WP5. PATHOGENICITY RESULTING FROM TROPISMS. The diverse roles of different tropisms and tropism regulatory proteins operating during infection was analysed in the human pathogens A. fumigatus and C. albicans, the plant pathogens F. oxysporum, U. maydis and P. infestans, and the predacious yeast Saccharomycopsis.
WP6. TARGETTING TROPISMS WITH NOVEL ANTIFUNGALS. (1) The DHODH drug target of the novel antifungal F901318 was fluorescently labelled and localized to mitochondria. Automated, quantitative live-cell imaging of labelled-F901318 treated hyphae revealed the kinetics of the fungistatic and fungicidal effects of this drug. (2) A novel Rho-GTPase (PiRAC) of the Rac subfamily has been discovered in P. infestans and has potential as an oomycete-specific antifungal drug target.
WP7. COMPARISION OF CELL POLARITY REGULATION AND TROPIC GROWTH IN
DIFFERENT FUNGI. Key common features of cell polarity and tropic growth in fungi were identified in the FUNGIBRAIN project by a comparative, interdisciplinary, multi-tropism, multi-organism approach.

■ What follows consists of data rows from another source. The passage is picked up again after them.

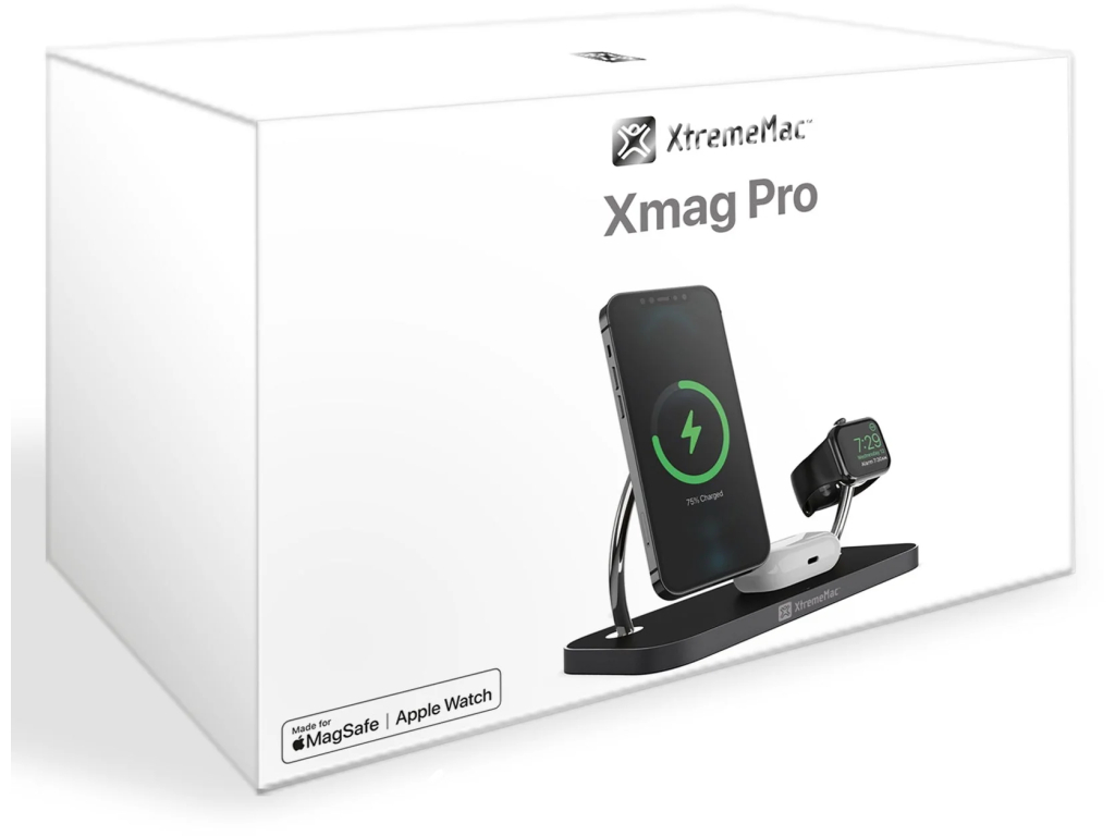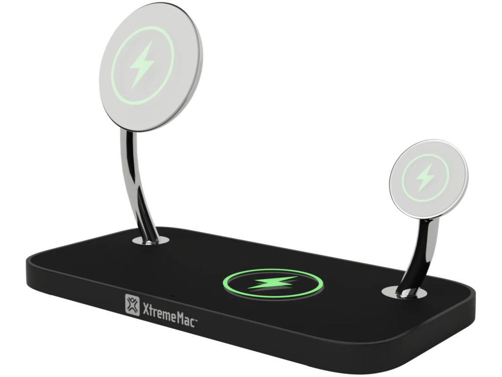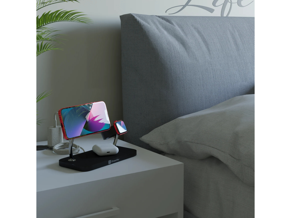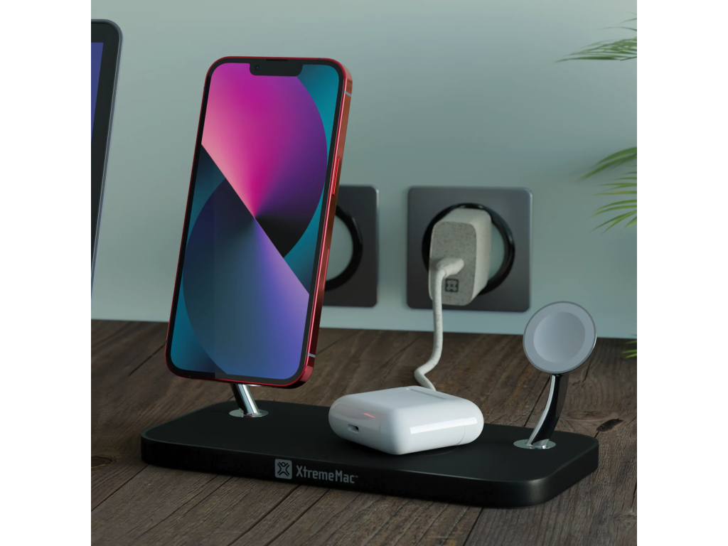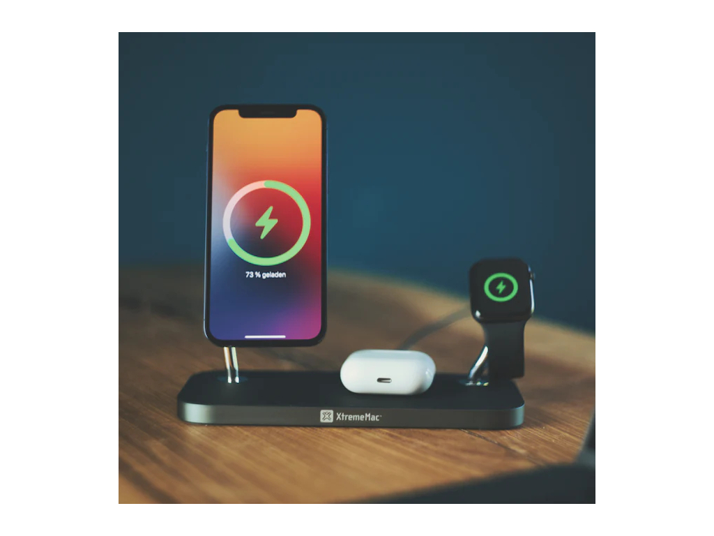 Maak kennis met het nieuwe XtremeMac 3-in-1 docking station, jouw ultieme oplaadoplossing. Dit docking station voorziet jou van alles wat je nodig hebt om je iPhone met MagSafe, AirPods hoesje en Apple Watch tegelijkertijd en draadloos op de hoogste snelheid op te laden.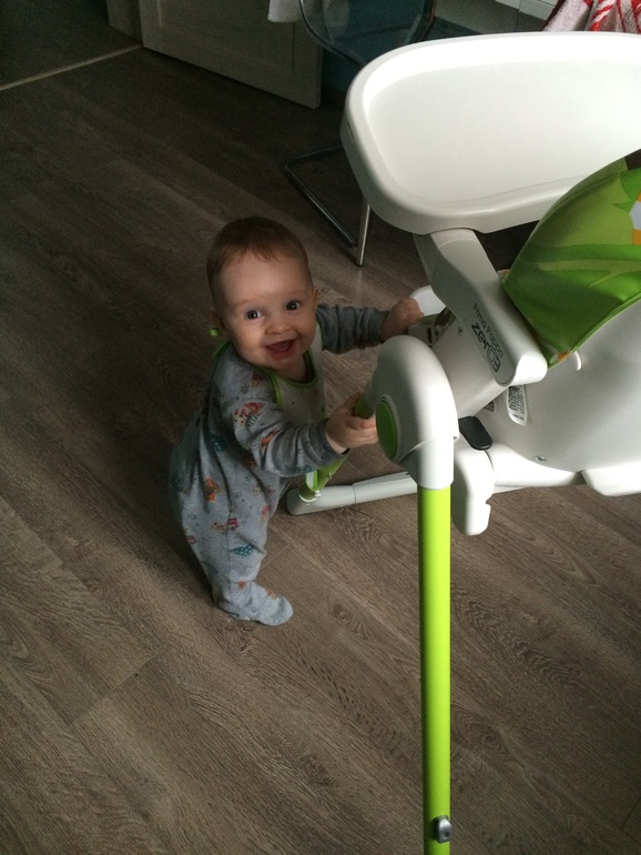 🍦 ползаем, встаем, бегаем вдоль опоры, сползаем обратно на пол и снова ползем🚼 очень любит ходить за ручки, радуется, улыбается😄 стоит только посадить на пол сразу крик😫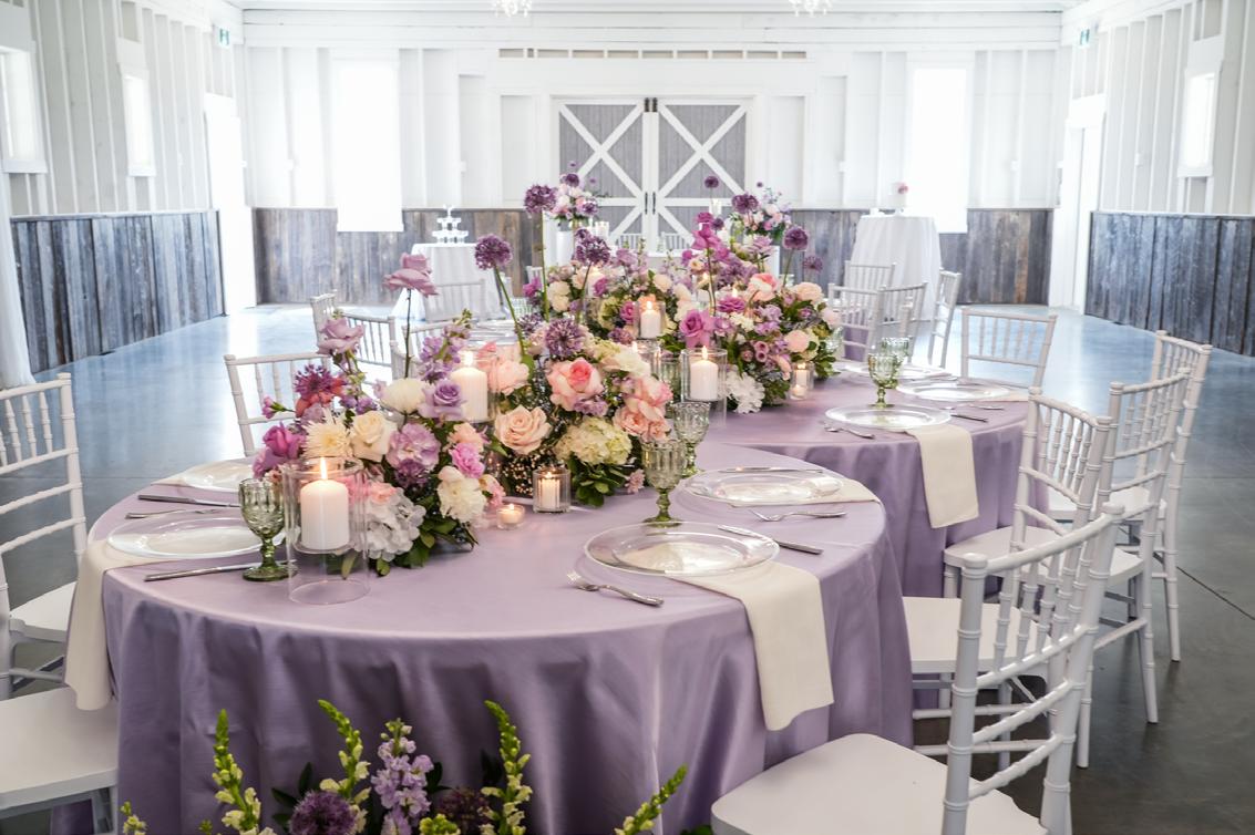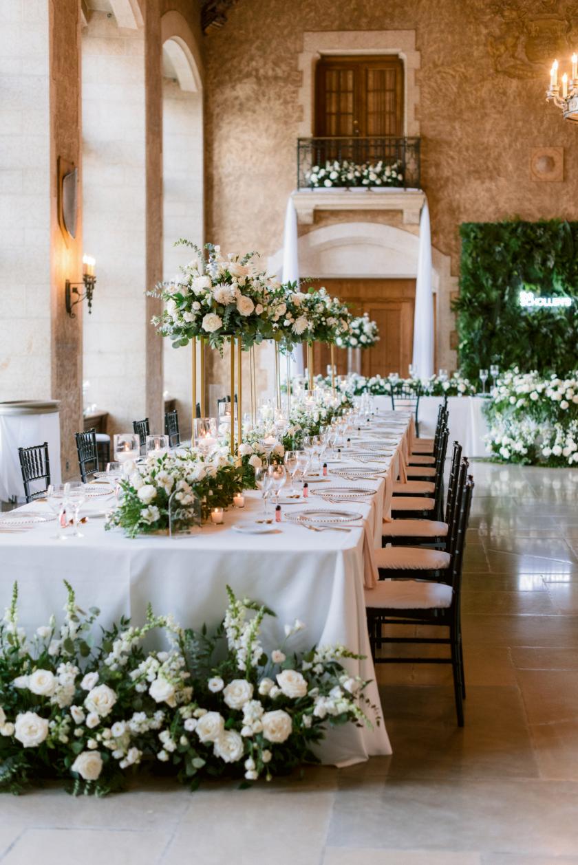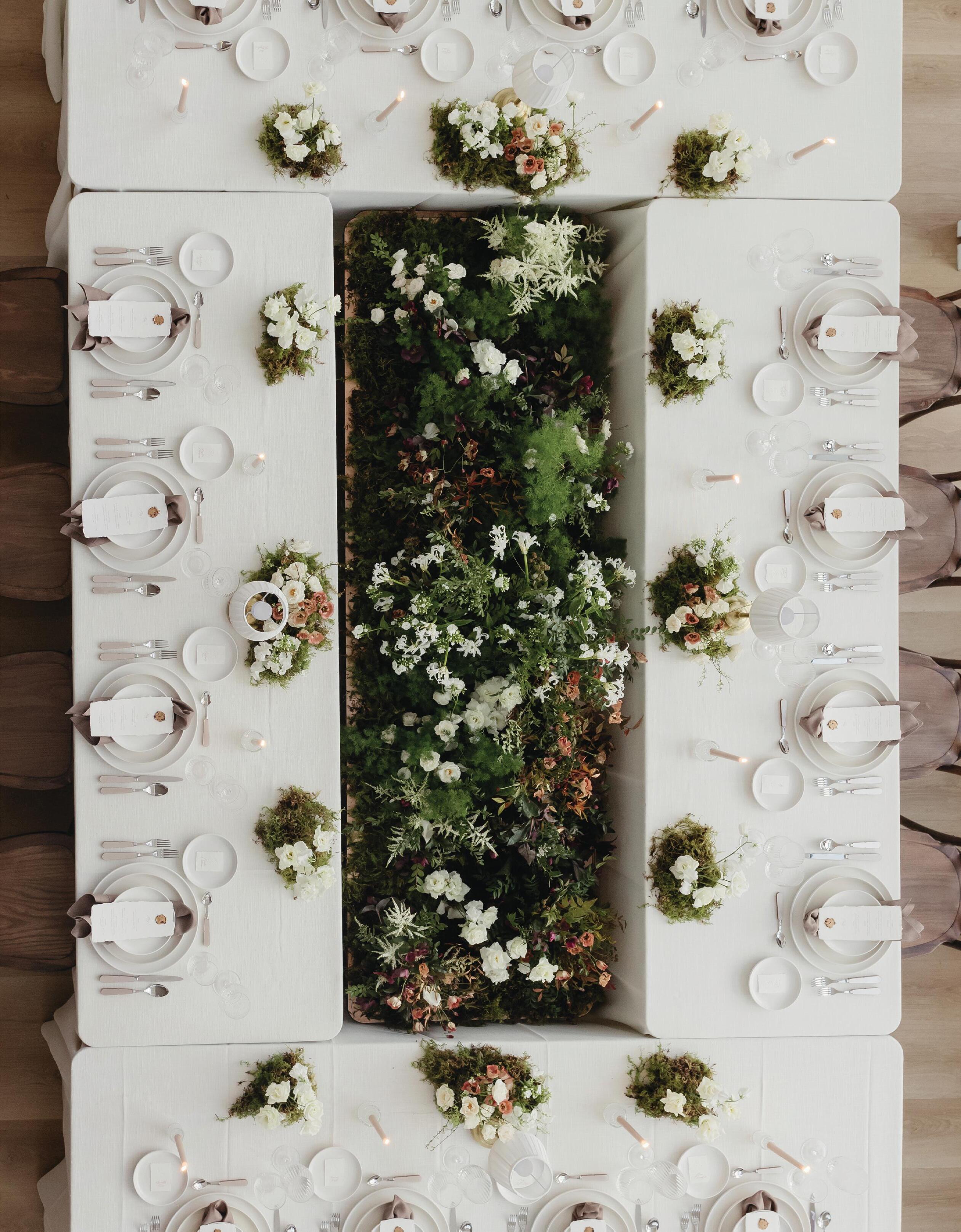 For the reception, four tables were arranged to form a striking open rectangle, creating an intentional layout that fostered connection and conversation. At the center, a lush floral meadow overflowed with moss, sweet peas, phlox, spray roses, spirea and lisianthus. The design mimicked a natural garden bed, blooming organically between guests. Airy clusters of blooms added texture and movement to the earthy base, while subtle touches of burgundy hinted at the richness of winter. Taper candles and petite table lamps cast a warm, intimate glow, enhancing the mood and inviting guests to linger long into the evening.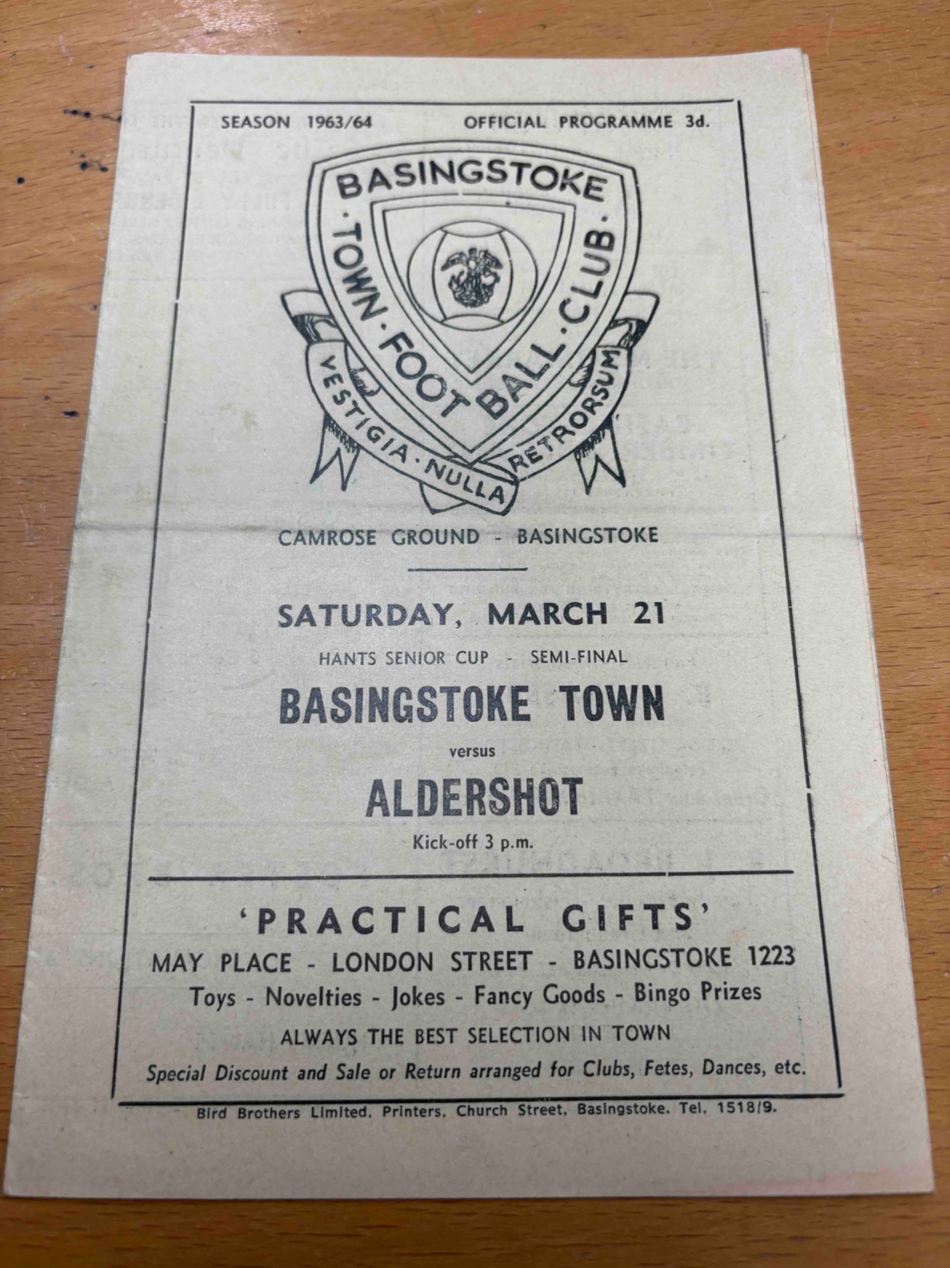 1963/64 Basingstoke v Aldershot, Hants Senior Cup S/F.
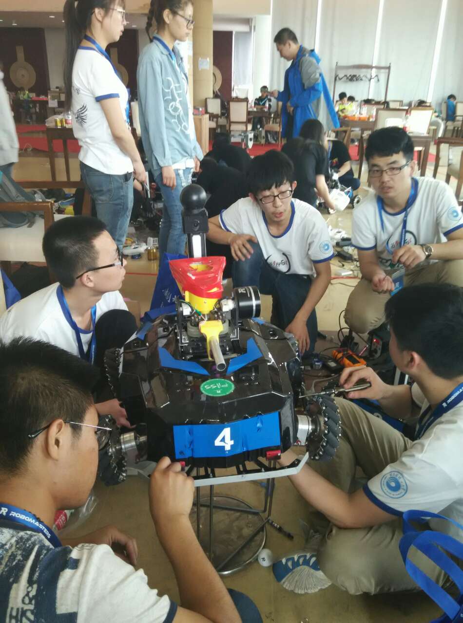 本次比赛在校团委的统筹下,依托工程训练中心相关实验室场地及设备,以工程训练中心万泉老师实验室为基础,在工程训练中心万泉老师、电气学院陈才老师的全程指导下,吸引了机械学院、自动化学院、测通学院等相关专业的20余名同学参与,从机械器件制作、图像识别、程序编辑、操作练习广大师生进行了为期一个半月的紧张备战。本次比赛机器人由哨兵、步兵、射手、炮兵组成,从底盘、减震、保险杠等硬件制作到程序编辑、结构设计、车辆组装等全部由团队成员自行完成,本次比赛得到了工程训练中心领导的大力支持,同时教务处等部门也提供了及时帮助。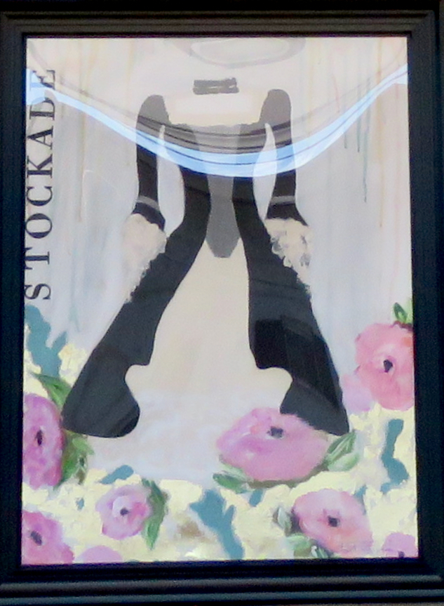You met BRITNEY PRIME (a/k/a Britney Knudsen), and her joyous balloon painting, near the top of this posting, as the People’s Choice winner. A first-time exhibitor this year, her Stockade painting on the left is a refreshingly different depiction of our historic district.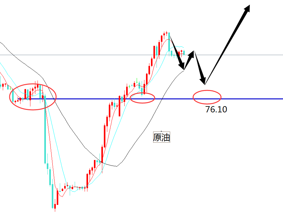 原油专治各种不服,周五开始这波72.15反弹到了78.40,只用了两个交易日,中途无任何回撤,原油我们思路还是跟随多头,今天继续看涨,回踩考虑继续多它,不考虑任何空了,就日线形态上看,原油还有反弹空间,而且还有反弹的动力,大涨的单边不言顶,回踩是我们上车的机会。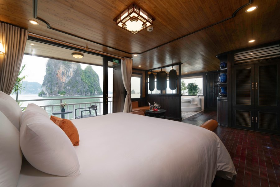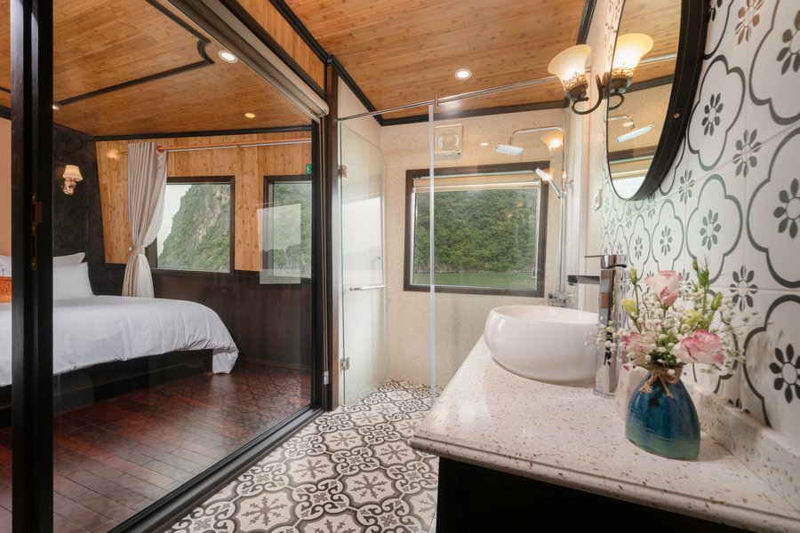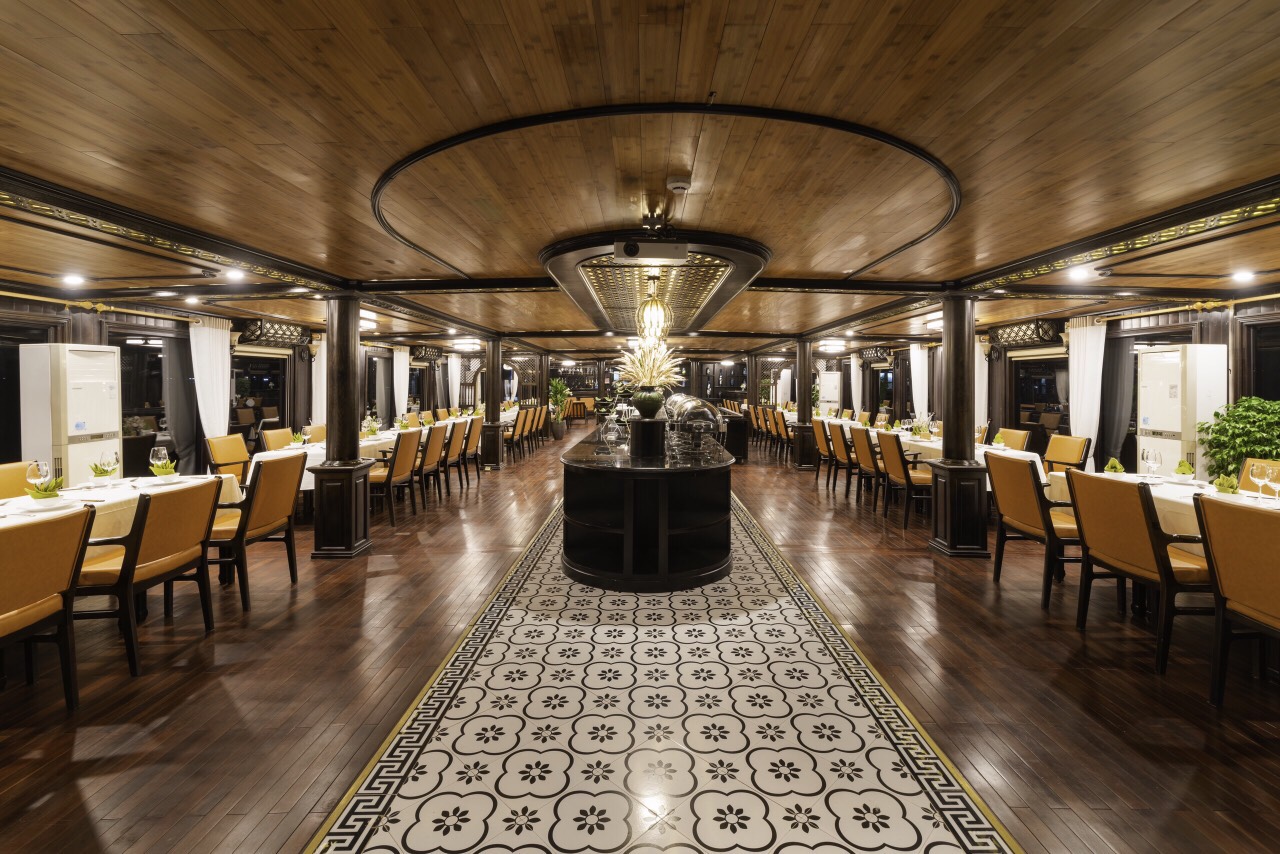 | 12:15 | Xuồng máy cao tốc đưa đoàn lên tàu làm thủ tục check in, thưởng thức nước uống chào mừng, nghe giới thiệu về lịch trình tour và các quy định an toàn trên tàu |

EXPECTED FINAL RESULTS AND THEIR POTENTIAL IMPACT AND USE
(1) Training of 11 ESRs and 3 ERs for improved employability. They have been provided with an exceptional skill set and team work experience in analysing, manipulating and inhibiting fungal polarized growth and tropisms of fungi which will be invaluable in their future academic/industrial careers. (2) Socio-economic impact. Fungi have a devastating impact on agriculture and human health. Crops, worth billions of € per year, are destroyed by fungal diseases. At least as many people die each year from fungal infections as die from tuberculosis, malaria or breast cancer. Resistance against the limited number of commercial available antifungals is rising. There is a critical need for the development of new antifungals. Global markets in agricultural fungicides and medical antifungals are increasing steadily and in 5 years will be >€30 billion p.a. The FUNGIBRAIN project has characterized and identified key components of signalling networks involved in fungal cell tropisms that have provided candidates for novel antifungal drugs and fungicides. It has also provided novel automated live-cell screens and assays for the identification and analysis of new antifungal compounds. (3) Scientific impact. Research conducted in FUNGIBRAIN has provided a major improvement in our understanding of the sensing and integration of signals governing cell polarity and tropisms in a wide range of fungi, including plant and human pathogens. This is being mainly communicated via publications and in conference presentations. (4) Collaboration and networking between Partners. This network partnership led to a considerable transfer of knowledge, experience and expertise between partners as well as providing current and future collaborative and joint funding opportunities. (5) Collaboration between academic and private sectors. FUNGIBRAIN has greatly facilitated valuable exchanges of ideas, methodologies and personnel between these diverse groups. (6) Outreach and communication with the general public about the importance of fungal biology, and of fungal diseases and their control has played a significant role during this project.